What you have to do
Retype word for word the stretch of entries below from the line that has "Let every one" through the line that has "The K&F 49mm", and omit the pictures.

Materials provided
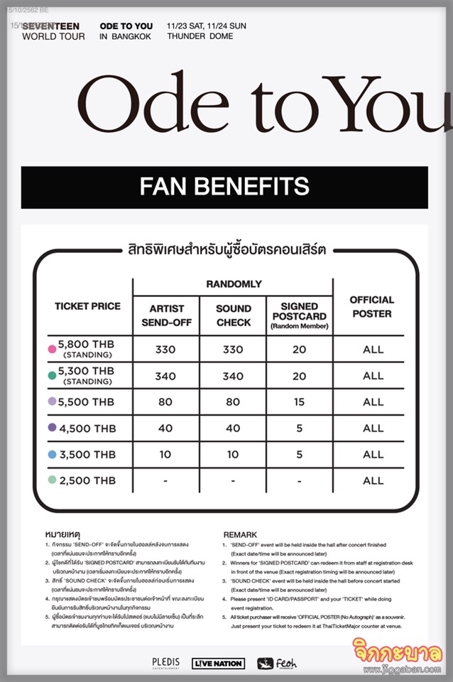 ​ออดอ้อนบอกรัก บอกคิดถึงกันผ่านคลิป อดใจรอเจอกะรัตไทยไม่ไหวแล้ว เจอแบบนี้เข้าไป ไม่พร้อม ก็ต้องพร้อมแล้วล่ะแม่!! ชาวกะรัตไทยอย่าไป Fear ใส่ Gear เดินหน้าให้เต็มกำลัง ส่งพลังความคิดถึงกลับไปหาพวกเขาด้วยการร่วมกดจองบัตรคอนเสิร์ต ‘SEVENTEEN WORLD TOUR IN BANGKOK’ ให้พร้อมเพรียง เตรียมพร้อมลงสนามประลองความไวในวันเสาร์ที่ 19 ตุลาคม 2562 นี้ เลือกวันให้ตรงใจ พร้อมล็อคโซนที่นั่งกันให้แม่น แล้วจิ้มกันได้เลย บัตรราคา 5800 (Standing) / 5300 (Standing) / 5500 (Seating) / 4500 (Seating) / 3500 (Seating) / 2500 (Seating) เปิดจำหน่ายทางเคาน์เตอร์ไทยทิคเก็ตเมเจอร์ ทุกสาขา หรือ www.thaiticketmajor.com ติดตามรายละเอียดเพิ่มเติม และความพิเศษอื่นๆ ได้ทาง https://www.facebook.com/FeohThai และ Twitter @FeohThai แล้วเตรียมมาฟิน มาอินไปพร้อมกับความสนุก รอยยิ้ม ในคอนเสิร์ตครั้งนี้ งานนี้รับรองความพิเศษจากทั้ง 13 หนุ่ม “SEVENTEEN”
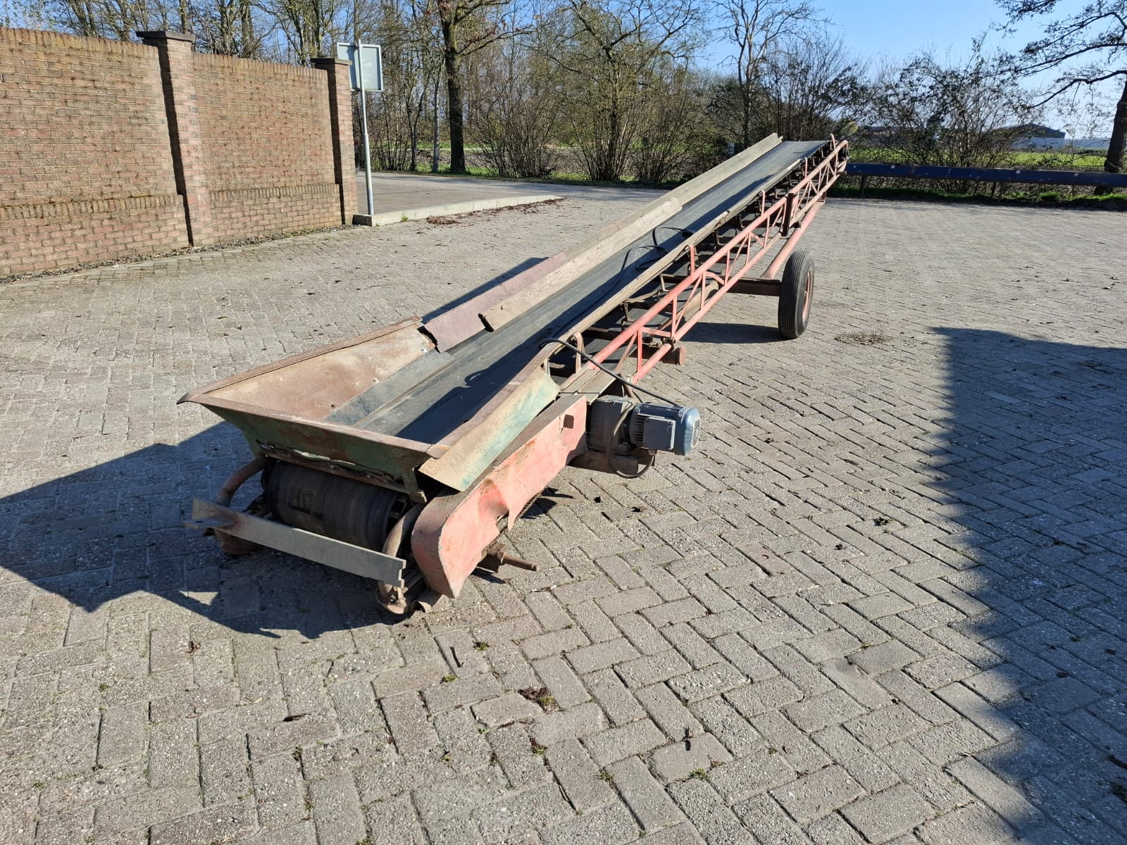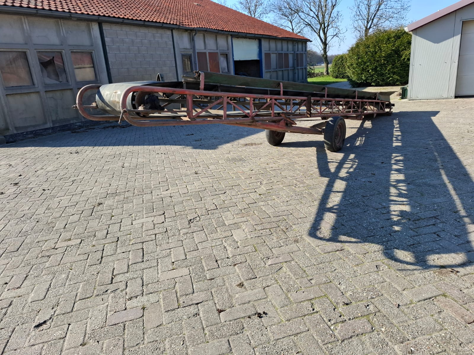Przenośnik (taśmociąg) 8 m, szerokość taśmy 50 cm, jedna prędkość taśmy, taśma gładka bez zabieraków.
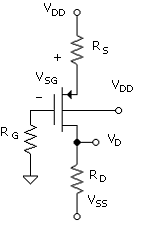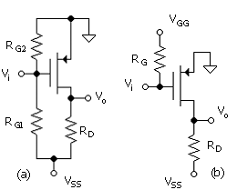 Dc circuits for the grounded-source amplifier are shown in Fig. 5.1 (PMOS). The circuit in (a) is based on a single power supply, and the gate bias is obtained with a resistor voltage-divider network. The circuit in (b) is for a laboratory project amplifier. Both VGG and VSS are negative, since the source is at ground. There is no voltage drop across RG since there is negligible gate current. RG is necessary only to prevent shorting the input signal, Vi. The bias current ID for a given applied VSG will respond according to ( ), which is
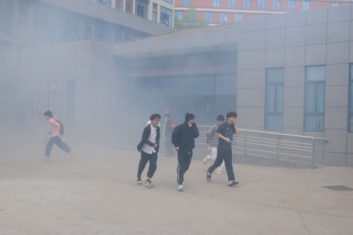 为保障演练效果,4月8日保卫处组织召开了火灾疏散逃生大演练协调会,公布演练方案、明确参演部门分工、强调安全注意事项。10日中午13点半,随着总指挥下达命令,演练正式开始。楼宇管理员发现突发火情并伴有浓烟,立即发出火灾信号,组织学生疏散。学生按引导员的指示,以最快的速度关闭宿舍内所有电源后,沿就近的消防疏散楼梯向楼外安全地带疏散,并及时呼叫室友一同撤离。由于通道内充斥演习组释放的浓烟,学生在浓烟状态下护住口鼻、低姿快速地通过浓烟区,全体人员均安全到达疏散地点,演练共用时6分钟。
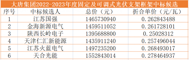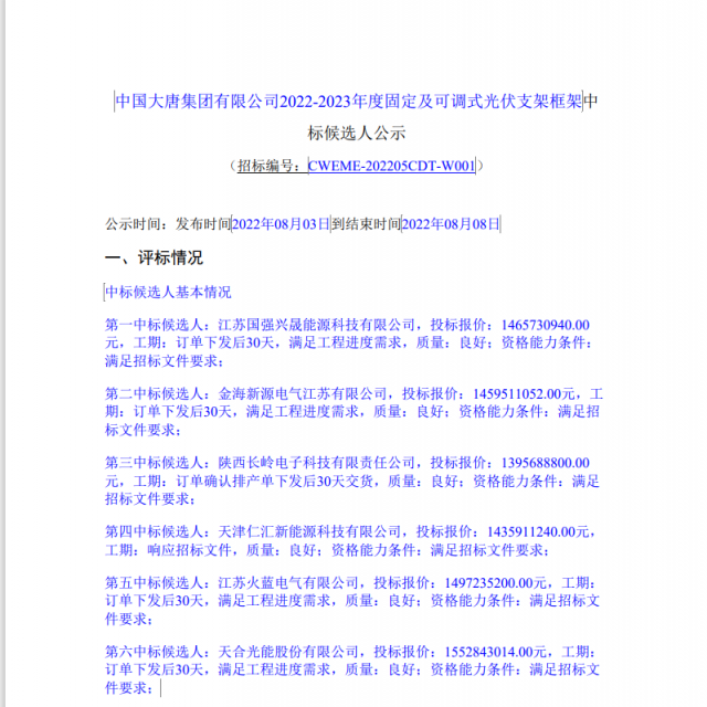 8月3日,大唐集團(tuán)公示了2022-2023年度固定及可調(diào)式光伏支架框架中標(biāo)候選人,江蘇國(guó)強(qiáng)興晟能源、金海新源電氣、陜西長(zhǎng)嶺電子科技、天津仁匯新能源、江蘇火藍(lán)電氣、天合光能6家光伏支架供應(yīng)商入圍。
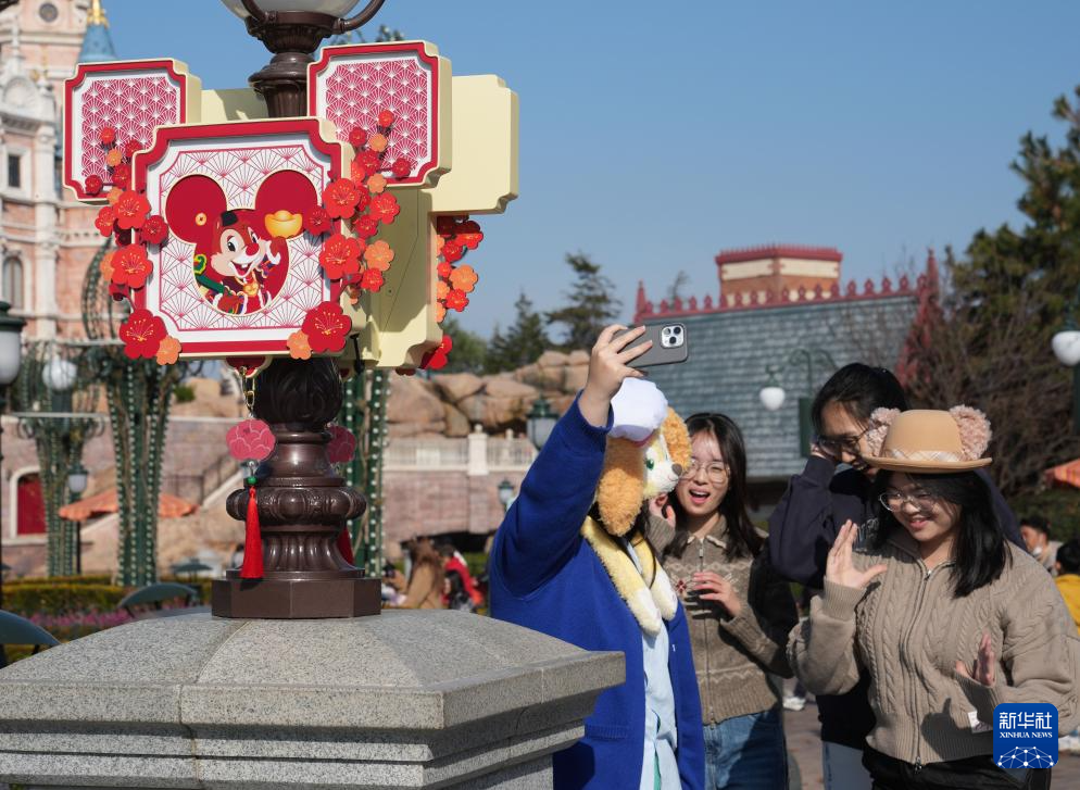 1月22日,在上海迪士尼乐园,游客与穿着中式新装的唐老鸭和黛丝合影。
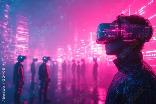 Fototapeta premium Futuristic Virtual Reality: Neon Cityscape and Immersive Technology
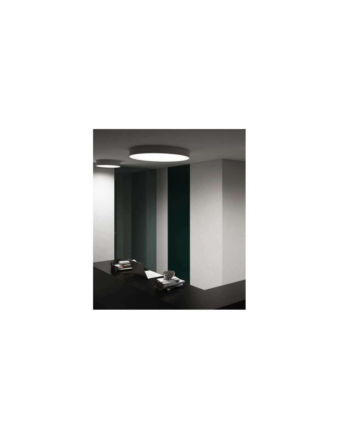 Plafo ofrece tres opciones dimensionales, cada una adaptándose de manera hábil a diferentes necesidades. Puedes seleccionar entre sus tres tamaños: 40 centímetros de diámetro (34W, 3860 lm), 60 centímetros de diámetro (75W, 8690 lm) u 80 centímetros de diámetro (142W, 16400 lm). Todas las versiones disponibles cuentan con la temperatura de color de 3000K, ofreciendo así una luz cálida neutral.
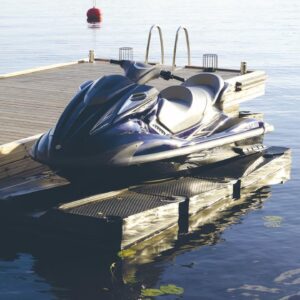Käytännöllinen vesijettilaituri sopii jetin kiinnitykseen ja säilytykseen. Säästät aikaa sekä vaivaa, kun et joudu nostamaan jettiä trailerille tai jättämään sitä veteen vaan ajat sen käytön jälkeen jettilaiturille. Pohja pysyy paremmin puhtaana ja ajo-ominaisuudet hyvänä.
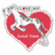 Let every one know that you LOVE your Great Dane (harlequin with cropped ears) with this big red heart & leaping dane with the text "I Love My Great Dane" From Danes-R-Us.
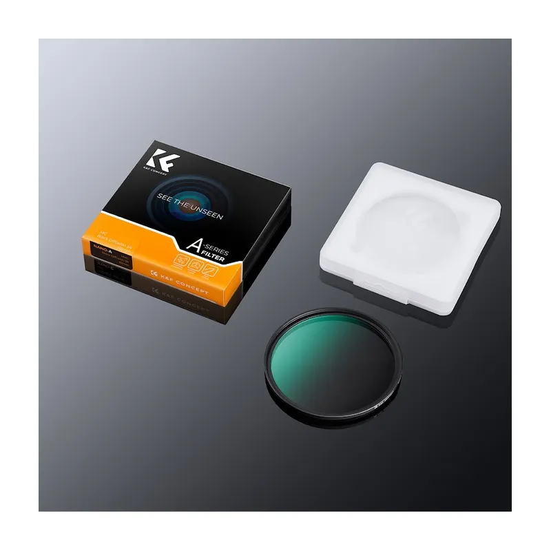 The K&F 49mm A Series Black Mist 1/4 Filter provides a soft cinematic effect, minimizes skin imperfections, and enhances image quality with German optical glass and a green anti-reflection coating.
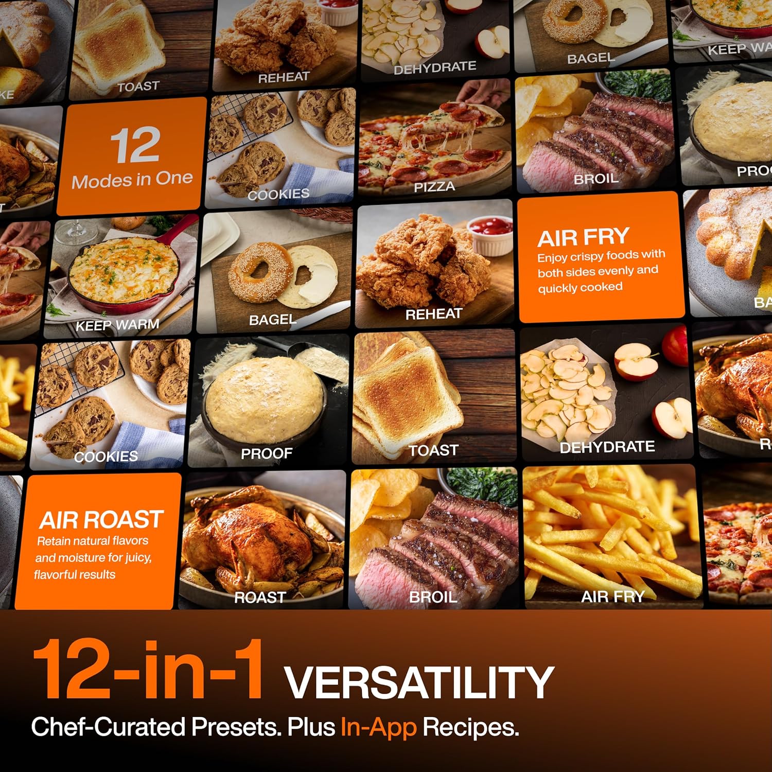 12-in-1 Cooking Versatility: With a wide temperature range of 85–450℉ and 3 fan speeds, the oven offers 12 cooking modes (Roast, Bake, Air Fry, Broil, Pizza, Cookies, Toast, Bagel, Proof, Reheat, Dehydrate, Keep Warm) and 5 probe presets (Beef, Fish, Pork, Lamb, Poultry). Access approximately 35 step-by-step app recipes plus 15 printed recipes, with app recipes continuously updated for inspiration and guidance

Expected answer
 Let every one know that you LOVE your Great Dane (harlequin with cropped ears) with this big red heart & leaping dane with the text "I Love My Great Dane" From Danes-R-Us.
 The K&F 49mm A Series Black Mist 1/4 Filter provides a soft cinematic effect, minimizes skin imperfections, and enhances image quality with German optical glass and a green anti-reflection coating.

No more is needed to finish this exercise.